Spangenhelm commented 9 years ago

@danielo515 :ok_hand:

tobibeer commented 8 years ago

How about a --serverbuild command that essentially extends the --server command with a specified build target (as its first parameter)? That might do away with requirements for extra editions.

pmario commented 8 years ago

Since the ticket is about 1 year old and we didn't have many issues, with the tiddlywiki.info file, the way it is. I think it should be a "wontfix"

The ticket should make the workflow easier, but I think the second part of the OP also introduces new complexity, that is even more complicated a the status quo.

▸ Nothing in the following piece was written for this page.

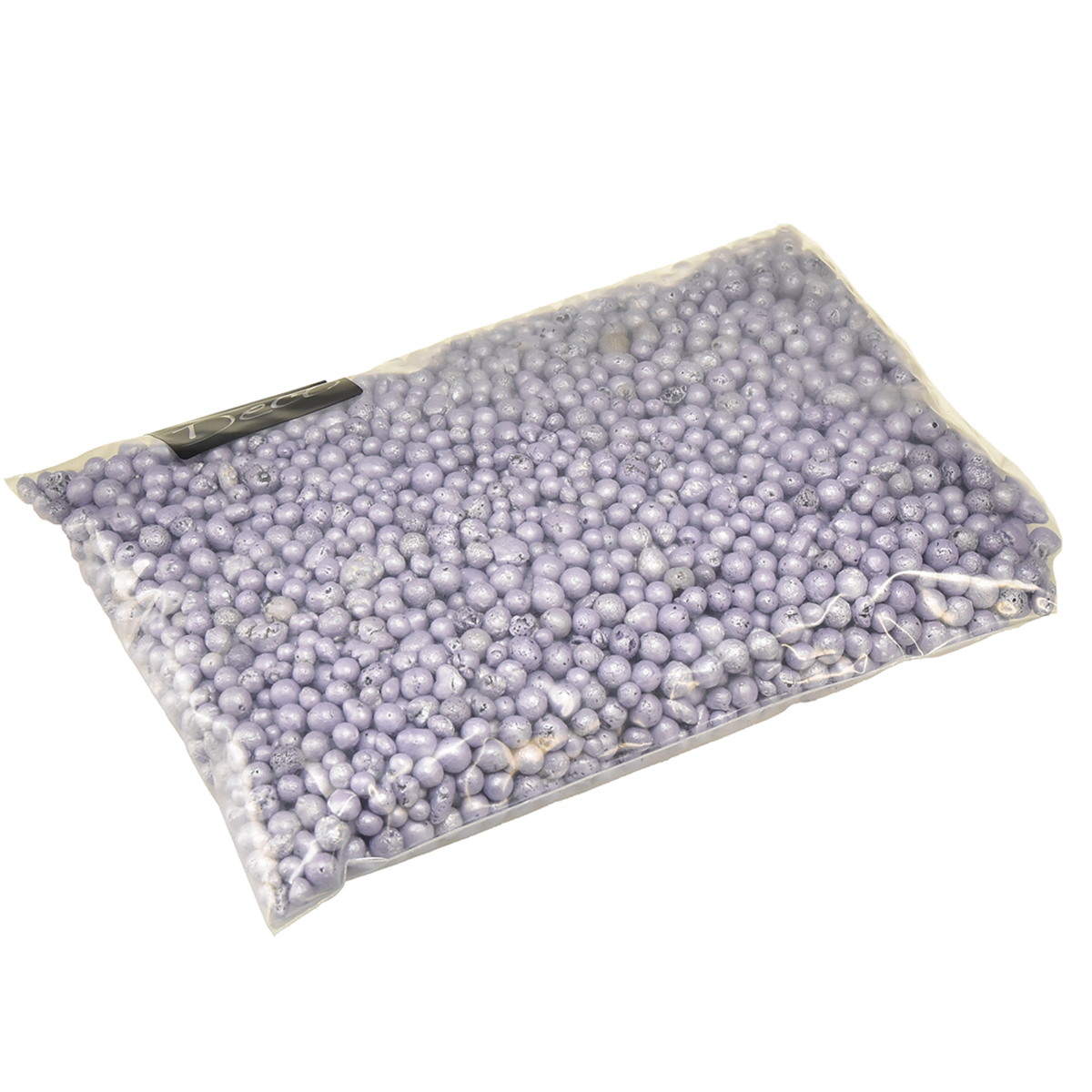 Le sachet en plastique dans lequel sont livrées nos pertes décoratives mauves contient 1 litre de granulés dont la taille oscille entre 4 et 8 mm.

We'd need to provide a means to disable the filesystem adaptor for wikis that shouldn't write their changes back to the file system. For example, the external images build process currently modifies image tiddlers to add the "_canonical_uri" field. We wouldn't want those modified images to be written back to the wiki folder. So, we could provide a new config.writable entry in tiddlywiki.info files that disables the filesystem adaptor when set to "no". Sadly, it would not be a backwards compatible change unless we perhaps used "no" as a default, and accepted the presence of tiddlywiki/filesystem in the plugins list as an alternative way to trigger "writable" mode.

The tiddlyweb adaptor would need to gain explicit configuration to tell it to attempt to sync to a particular server. Perhaps $:/config/TiddlyWebServerURL might be interpreted as the base URI to attempt to sync to; if the config tiddler were missing or blank, then no attempts to sync would be made.

Also hardcoding those 2 plugins into the core will introduce the need for a --remove-plugin option, if new adaptors will be developed in the future.

So that's why I think, we should stay with 2 configurations, because they actually are 2 different editions. .... but as always there will potential for better docs ;)

pmario commented 3 years ago

@Jermolene ... IMO not needed anymore. We do have the tiddlywiki +plugins/tiddlywiki/filesystem +plugins/tiddlywiki/tiddlyweb editions\empty --listen command syntax now.